GIVEN ENTRIES:
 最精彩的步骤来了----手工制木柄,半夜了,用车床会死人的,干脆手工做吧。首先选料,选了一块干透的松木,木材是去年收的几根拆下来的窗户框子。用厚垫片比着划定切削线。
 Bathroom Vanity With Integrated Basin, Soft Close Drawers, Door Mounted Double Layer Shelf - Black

* * *

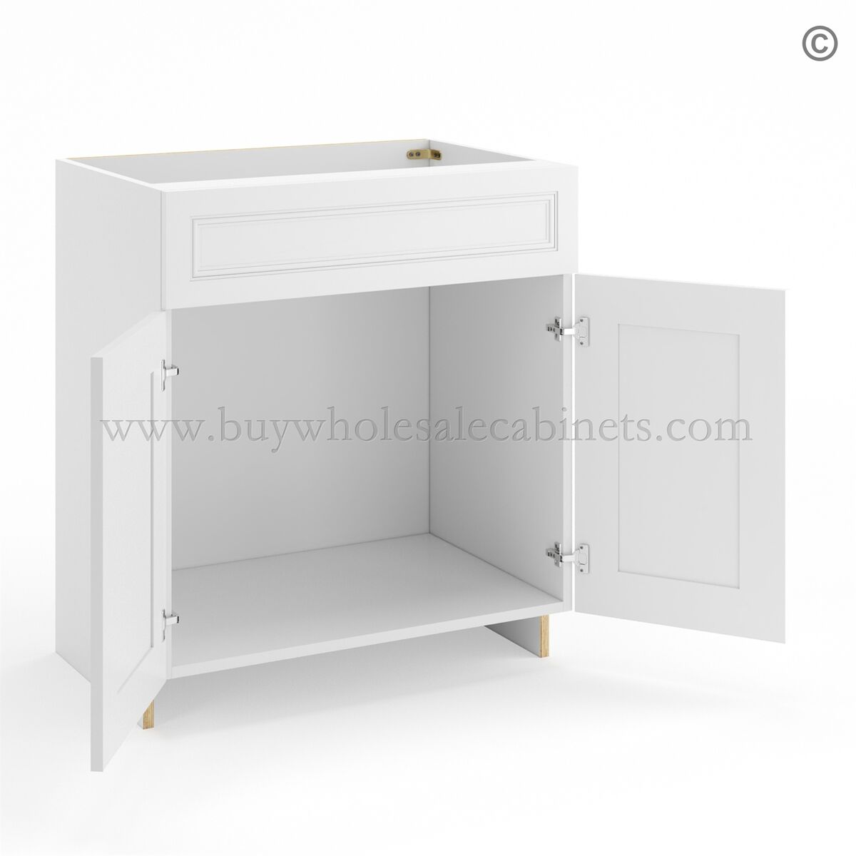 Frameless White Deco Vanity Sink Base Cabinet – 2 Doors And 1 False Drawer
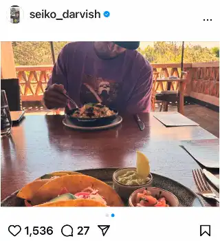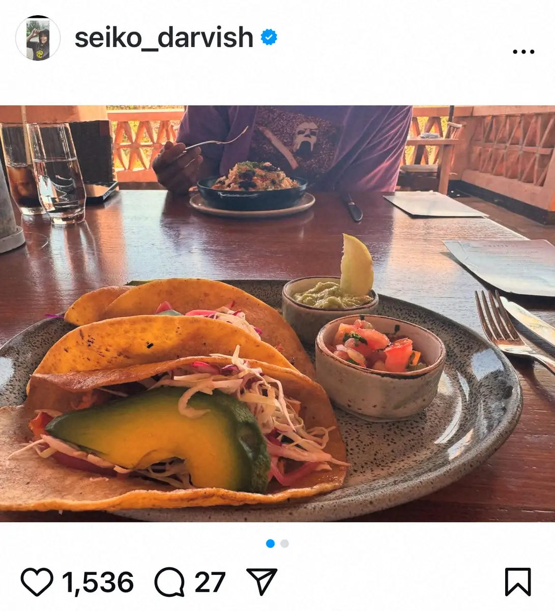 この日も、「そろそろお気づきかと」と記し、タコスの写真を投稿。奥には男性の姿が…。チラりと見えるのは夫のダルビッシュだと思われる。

THE TASK:
Look above for the line with "Frameless White Deco"; quote it and every line after it, stopping after the line with "この日も、「そろそろお気づき", exactly, with nothing added and without pictures.

OUTPUT FOR THIS TASK:
 Frameless White Deco Vanity Sink Base Cabinet – 2 Doors And 1 False Drawer
 この日も、「そろそろお気づきかと」と記し、タコスの写真を投稿。奥には男性の姿が…。チラりと見えるのは夫のダルビッシュだと思われる。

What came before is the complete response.